In the Nordics, there was growth in Norway and Finland driven by Oslo and Helsinki. In Copenhagen the development was described as “stable”. In Stockholm the underlying demand remained strong, but revpar decreased due to the addition of new room capacity to the market. Nissen retained his faith in the region, adding: “It’s a great market, very profitable, very stable and in the big cities there is an international flavour.”

Looking ahead, the group said that, supported by previous acquisitions and anticipated organic growth driven by markets and profitable investments in the existing portfolio, “the prospects remain good for the remainder of the year”.

HA Perspective [by Katherine Doggrell]: Anders Nissen is known for his ebullient disposition and if anyone could find two positives out of the negative that is Brexit, he’s your man. But it’s one thing to buy a hotel in Heathrow and quite another to buy Jury’s Inn. This correspondent had harboured hopes that Pandox would buy Park Inn, when/if Rezidor/Carlson cuts it loose when the five-year plan is announced in January.

Nissen was enthused about Park Inn, telling us: “We love that brand, they do well in Scandinavia, they’re positioned much more efficiently – less F&B and more rooms. We have a strong relationship with them.”

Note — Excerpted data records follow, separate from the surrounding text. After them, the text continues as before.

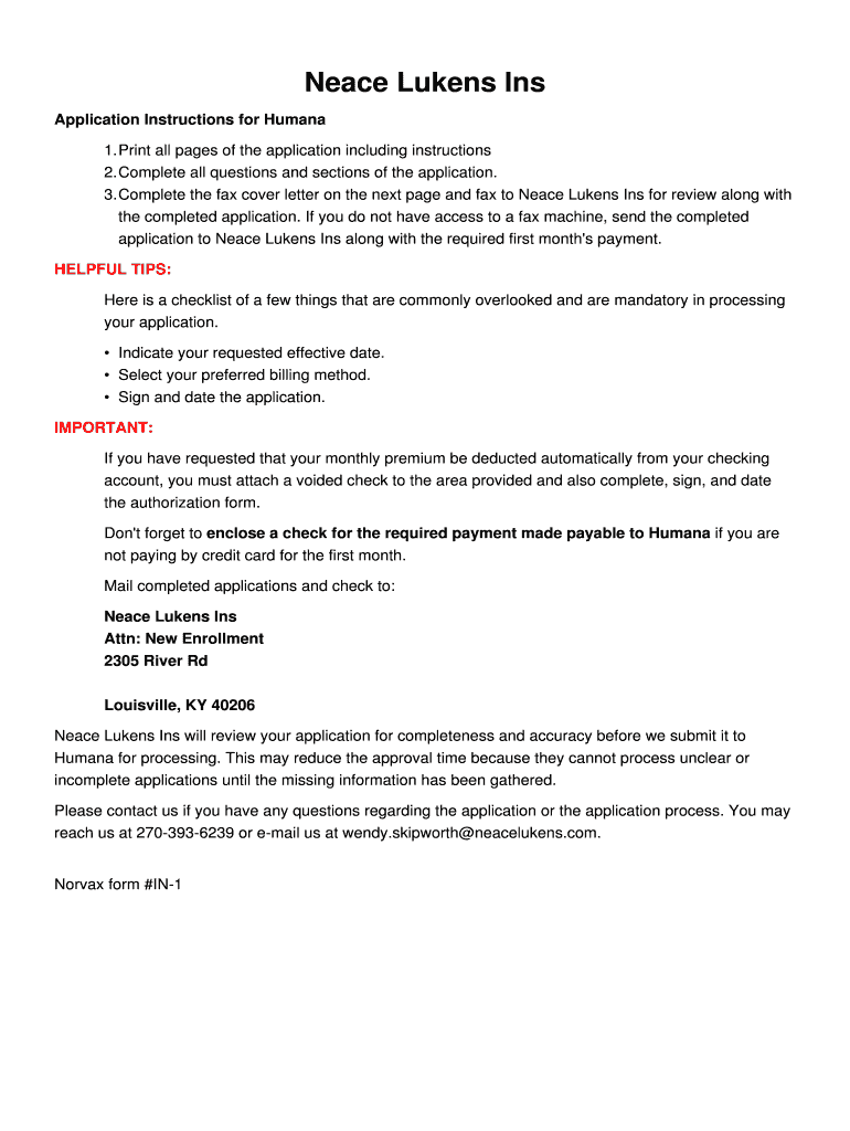 How to fill out neace lukens ins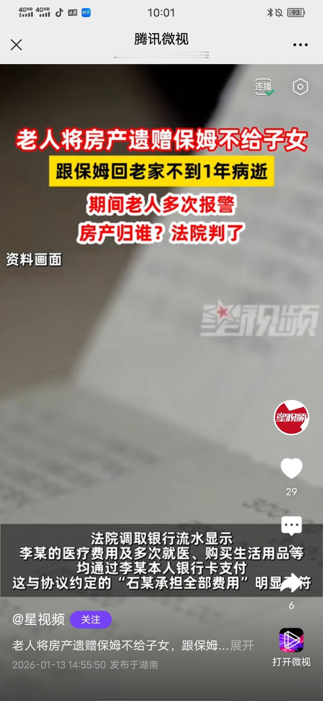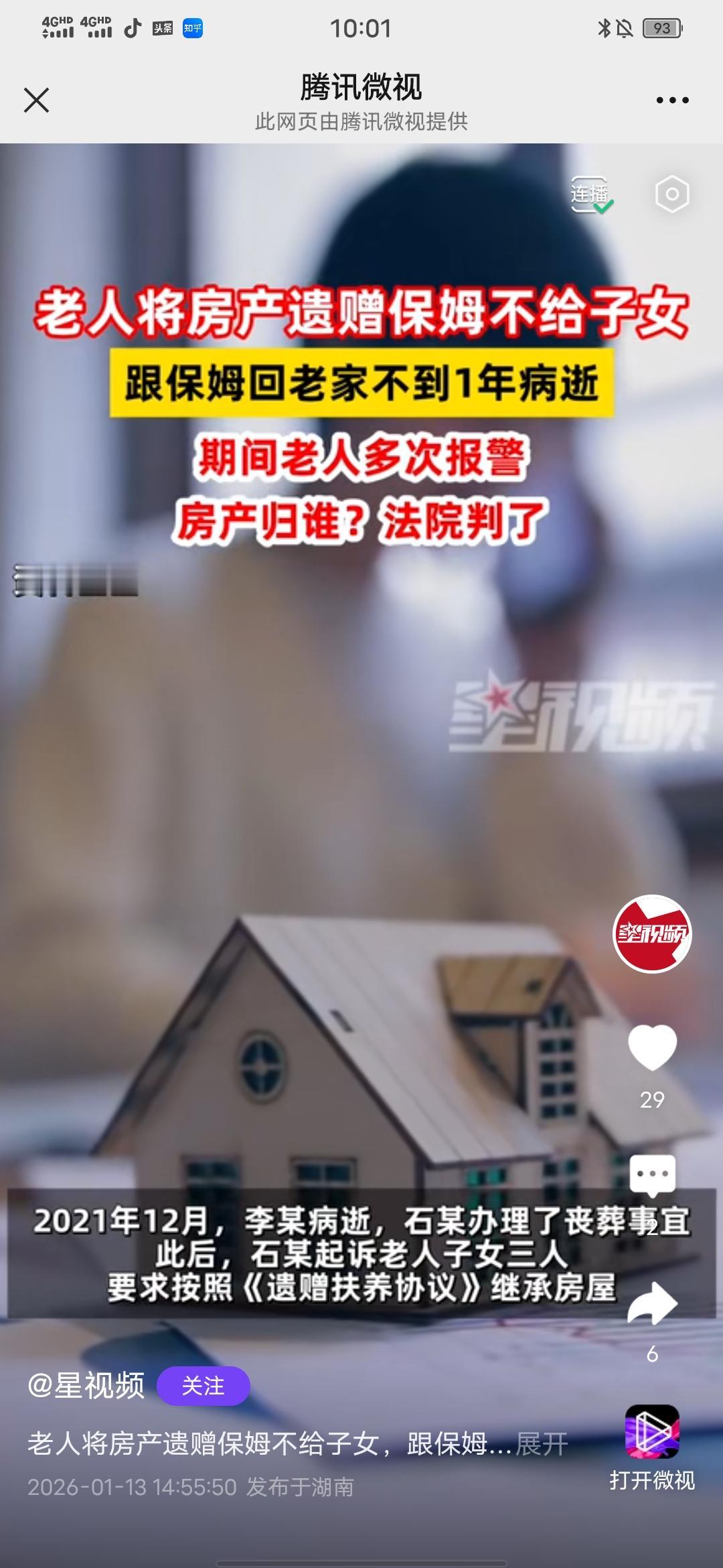 老人将房产遗赠保姆不给子女,跟保姆回老家不到1年病逝,期间老人多次报警,房产归谁? 刚刚在星视频看到一则这样的报道,北京市二中院审理的一起遗产纠纷案,我认为是可以警醒世人的,石某是李某的保姆,李某生前和保姆达成协议,意思就是石某继续扶养李某,直到终老,然后李某的房产就归保姆石某所有。并签了遗赠扶养协议。 然后李某就跟石某回老家生活了,结果不到1年就病逝了。然后石某就将李某的三个子女告上法庭,要求他们将李某的房产按协议给她,结果经审理调查了解,李某跟石某回老家生活期间,李某多次报警,而且生活,看病等一切支出也都是从李某银行卡支付的,这一系列都与他们的协议也不符。所以,最终判定子女按照法定继承房产。 很明显,这石某就是奔着人房产和财产去的,你可以按照这个交易想人家的房产,但是也要有契约精神吧,结果期间老人报警好几次,可想老人没有被善待的,至于怎么对待老人的,从老人报警几次来看,必不是什么小不敬。而且老人的一切开支也都是从老人自己的账户支出的,你不能啥好处都想占撒,哪有这好事。 老人家也是,明明有三个孩子,未必一个相对孝顺一点的都没有吗?不至于吧,就算他们想着的也是你的房产财产,不至于虐待你,让你连报警的心都有撒,子女们也是,三个血脉相连的兄弟也好,姐妹也好,给生养自己的父母养老是应尽的义务,为什么要让有心之人乘虚而入呢?自己的父母被人虐待你们也无动于衷吗? 唉,这时间的情啊,始终都是相互的,人心毕竟都是肉长得,再混蛋的人也能被捂热吧,也说不准,混蛋的人也有的是,只希望每人都心怀善念,种善因得善果吧!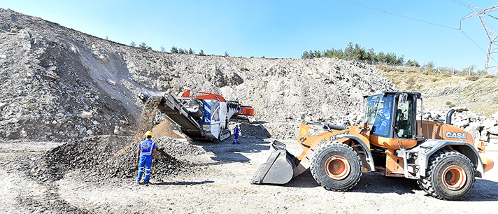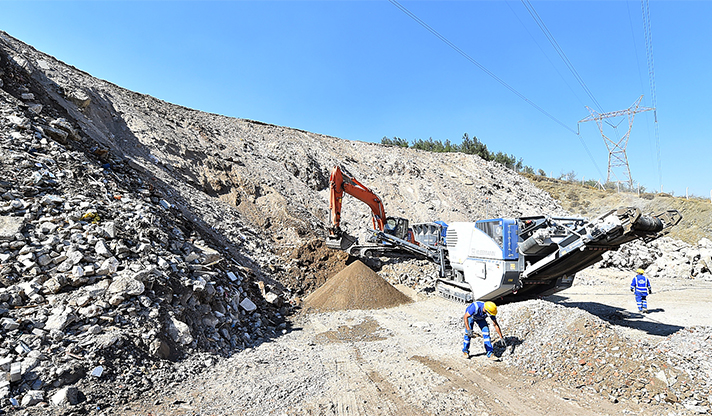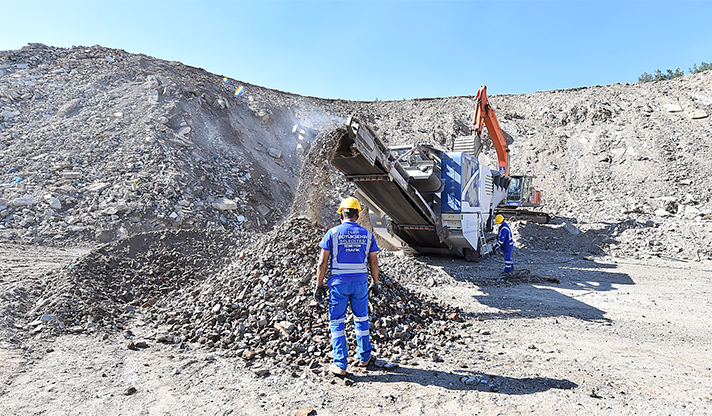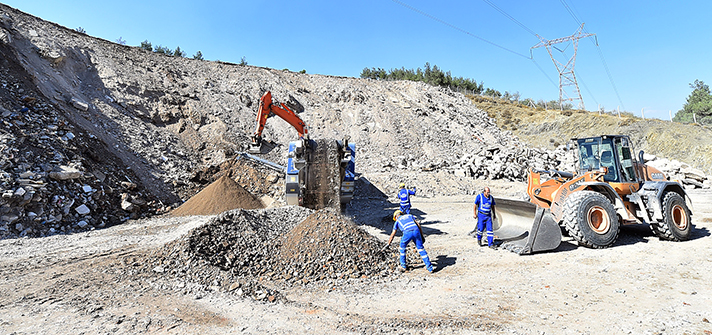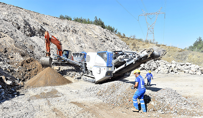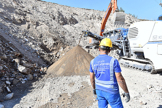 İzmir Büyükşehir Belediyesi'nin altyapı kuruluşu İZBETON Genel Müdürlüğü, kentin yol altı dolgu ihtiyacını atık malzemelerden karşılamak için üretim düğmesine bastı. "Geri dönüşüm" alanında örnek bir çalışma gerçekleştiren İZBETON, inşaat yıkıntı atıkları ve beton blokları ayrıştırarak yol altında kullanılan temel malzemeye dönüştürmeyi başardı.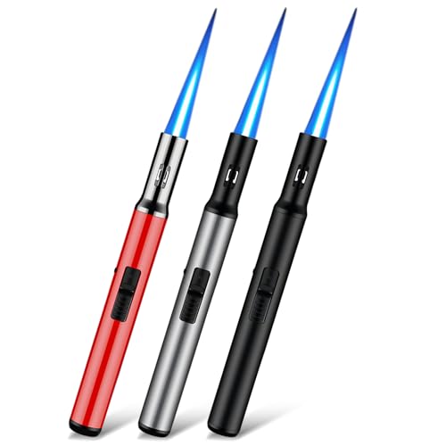 3 x tändare gaspåfyllningsbar stormtändare jetflamme tändare lång 19 cm, ljuständare elektrisk vindtät för ljus matlagning camping grill öppen spis, presenter till män (utan gas)
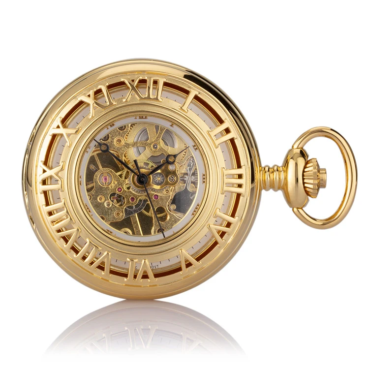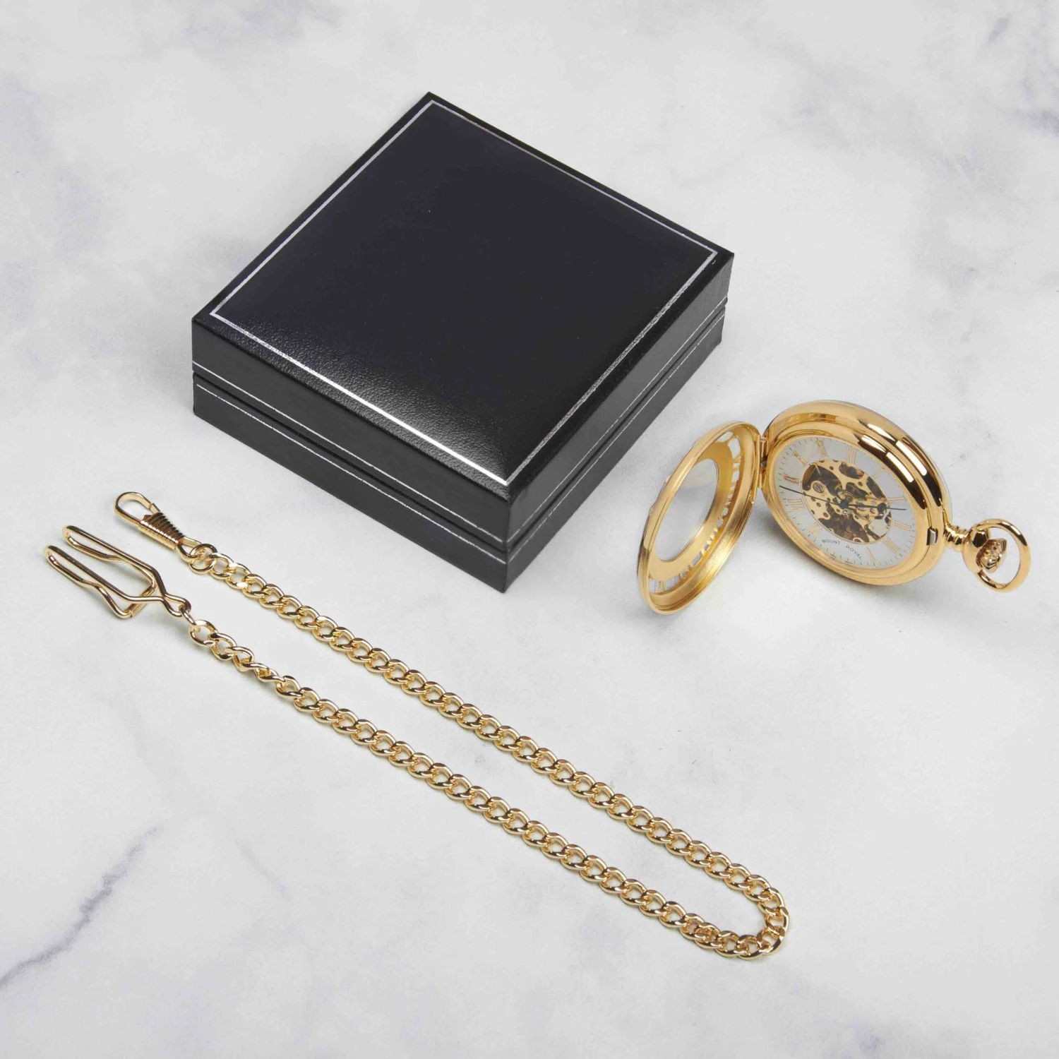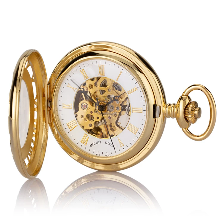 Gold plated single hunter skeleton pocket watch with mechanical movement from the Mount Royal collection. The striking detailing on the front case makes for a completely unique timepiece, showcasing the quality of this multi-faceted personalised pocket watch. The 17 jewel precision movement is displayed through the front case, while the reverse of the pocket watch is perfect for engraving with a solid case.

But not as strong as Jury’s Inn, where, now that Lone Star has polished the bannisters, the group is positioned to take advantage of the current strength of the regional market.

Additional comment [by Andrew Sangster]: There are a number of interesting things to note about Pandox’s imminent entry (on a large scale) into the UK market.

Brexit is probably the most obvious thing: and the prospect of this deal is yet more proof that, whatever the net outcome from the UK’s departure from the EU, few people are expecting an economic apocalypse.

For Pandox (or whoever the buyer of the portfolio is), the outcome from Brexit still matters. If Brexit leads to robust growth, then Jurys will look a great buy. But if Brexit impacts the UK economy as negatively as some expect, then the long-term returns from the acquisition are more likely to be mediocre. How well is all this factored into the price or has the currency drop already done that?

Another significant question is how will a champion of leases fare in a market where leases are increasingly shunned, particularly by the major hotel brands? Usually, the answer would be to farm out the hotels to a third-party operator on a lease who would then sign-up a franchise to a global major.

But Pandox likes to do the operations itself in such circumstances so a franchise deal seems more probable. Despite the comments by Anders Nissen, it would a big surprise to see any global brand take on the leases of a portfolio like Jurys. How hard will Nissen try to push his point?